Plus de 1 000 conseillers municipaux en Angleterre ont signé un engagement de soutien aux Palestiniens à l’approche des élections locales prévues en mai. La campagne a été lancée en décembre par la Palestine Solidarity Campaign.
Intitulé « Councillor Pledge for Palestine », le texte appelle les élus à défendre les droits des Palestiniens. Il leur demande également de veiller à ce que leurs conseils municipaux ne soient pas impliqués dans des activités liées à Israël.
Selon les organisateurs, 1 152 conseillers en fonction ont déjà signé. Parmi eux figurent 387 membres du Parti vert, 375 du Parti travailliste et 115 des Libéraux-démocrates.
Cinq élus conservateurs ont également apposé leur signature. Des représentants du Parti national écossais, de Plaid Cymru, des Verts écossais, de partis locaux et des indépendants figurent aussi parmi les signataires.
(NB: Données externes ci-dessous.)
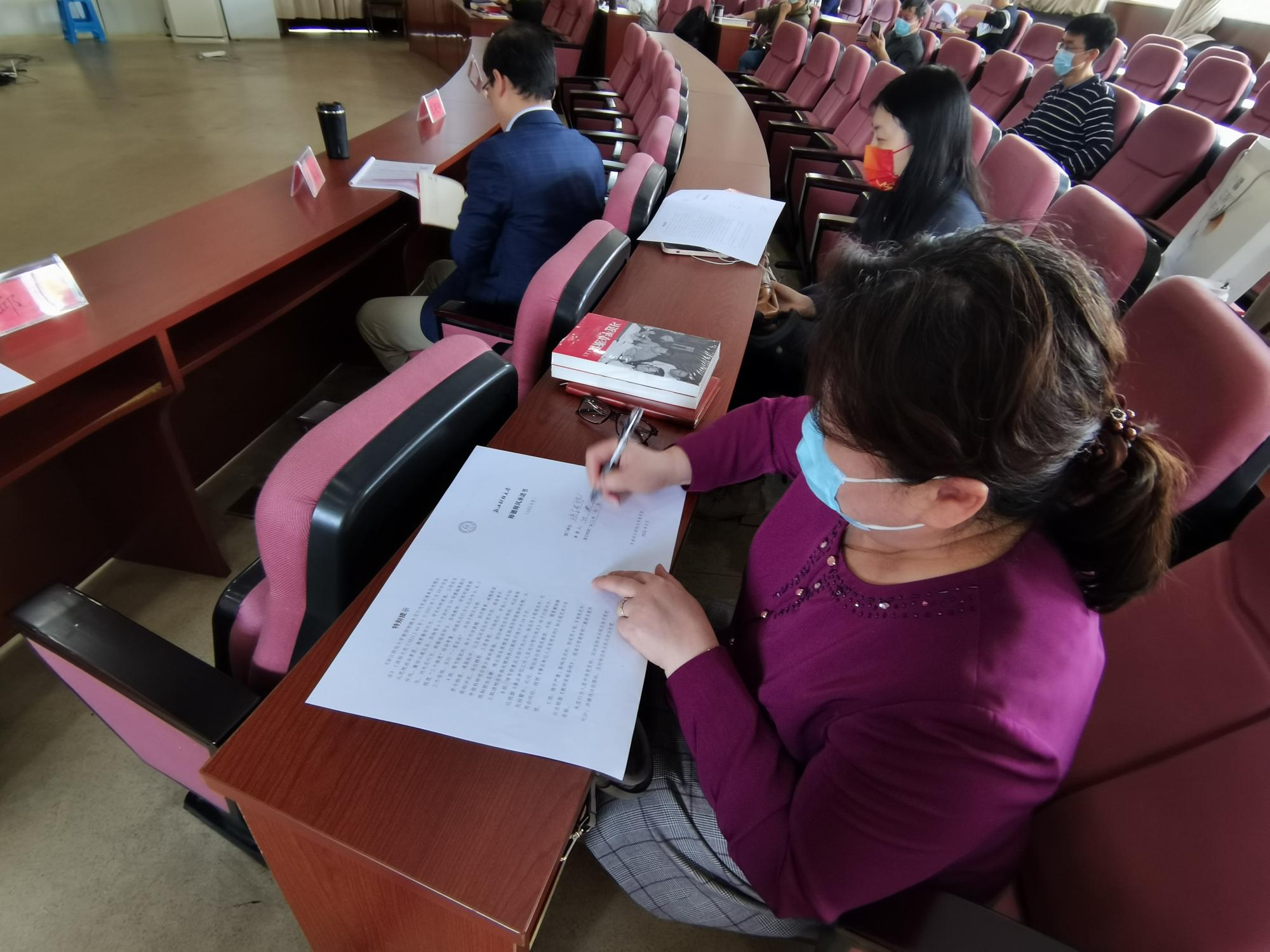 4月19日下午,学院在217报告厅举行了师德师风承诺书签订仪式。学院全体教职工参加了会议,会议由学院党委书记黄卫华主持。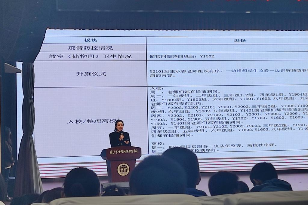 活动伊始,长培全体师生起立,奏唱国歌。随后,四年级协同二组师生进行“关注消防,珍爱生命”主题汇报,全体与会成员观看该组师生录制的视频“火怪物别过来”后,对消防安全知识有了初步的感知与认识。视频播放结束后,四年级协同二组部分师生利用响板与铃鼓,将消防口诀歌以律动形式表演出来,加深学生记忆。在总结环节,长培副校长董艳莎以消防知识抢答赛检验同学们的学习成果。长培课程管理中心常务副主任陶冶宣读上周表彰名单,包括优秀志愿者、勋章班级等奖项,并为获奖学生与班级颁发奖章。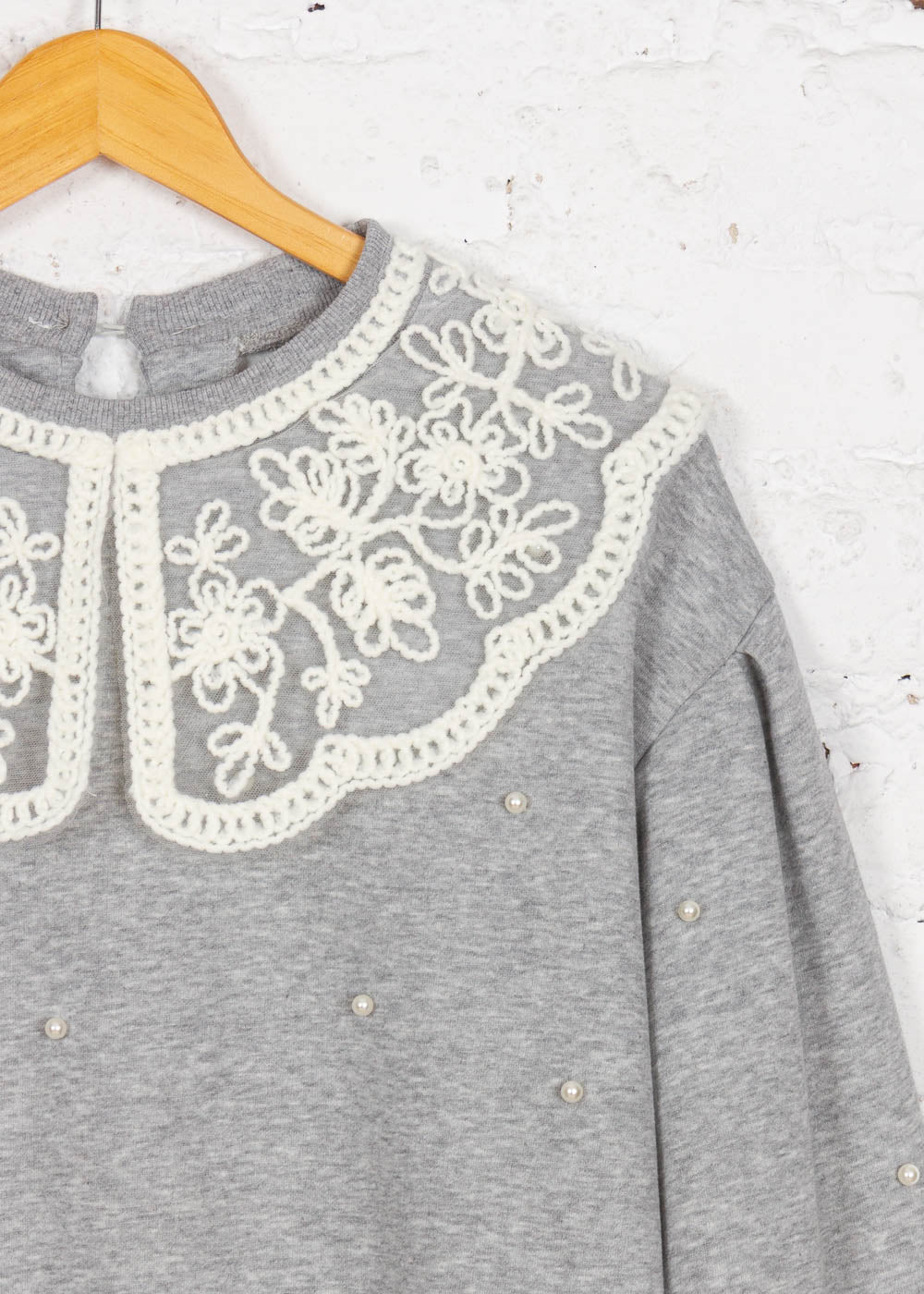 Bluza Elodie îmbină eleganța dantelei cu un stil modern. Mărgelele aplicate pe față și mâneci aduc strălucire discretă, iar gulerul supradimensionat din dantelă sparta creează un punct de atracție rafinat. Croiala relaxată și jerseul moale o fac confortabilă și ușor de purtat.

Objectif : influencer les politiques d’investissement locales
La campagne prévoit d’ouvrir l’engagement à tous les candidats à partir de mars. Elle bénéficie du soutien de Vote Palestine, une initiative coordonnée par la Palestine Solidarity Campaign avec l’appui de plusieurs organisations, dont le Palestinian Youth Movement Britain et The Muslim Vote.
Les organisateurs souhaitent pousser les collectivités à adopter des mesures alignées sur le mouvement Boycott, Désinvestissement et Sanctions (BDS). Ils ciblent notamment les fonds de pension administrés par les autorités locales.
D’après la Palestine Solidarity Campaign, ces fonds investissent plus de 12,2 milliards de livres sterling dans des entreprises liées à des violations du droit international. La campagne affirme que 31 conseils municipaux ont déjà adopté des motions ou publié des déclarations en faveur du désinvestissement.
Soutiens politiques et contexte électoral
L’ancien chef du Parti travailliste Jeremy Corbyn a soutenu l’initiative. Sur le réseau social X, il a appelé à faire de la question palestinienne un enjeu central des élections locales de 2026.
Parmi les signataires figurent des élus locaux et des candidats issus de plusieurs partis. Le scrutin de mai constitue un test politique pour le gouvernement travailliste dirigé par Keir Starmer, élu en 2024.
Toutes les circonscriptions municipales de Londres seront renouvelées. Dans certains arrondissements, les partis d’opposition espèrent capitaliser sur la mobilisation autour de la question palestinienne.
Une campagne marquée par des controverses judiciaires
La campagne se déroule dans un contexte de procédures judiciaires concernant le groupe Palestine Action. La Haute Cour a récemment jugé illégale sa proscription au titre de la législation antiterroriste.
Toutefois, l’interdiction reste en vigueur après l’autorisation accordée au ministère de l’Intérieur de faire appel.
Un militant présumé du groupe, Amu Gib, se présente aux élections municipales à Islington depuis sa détention. Il fait l’objet de poursuites liées à une intrusion présumée sur une base aérienne britannique. Le procès est en cours.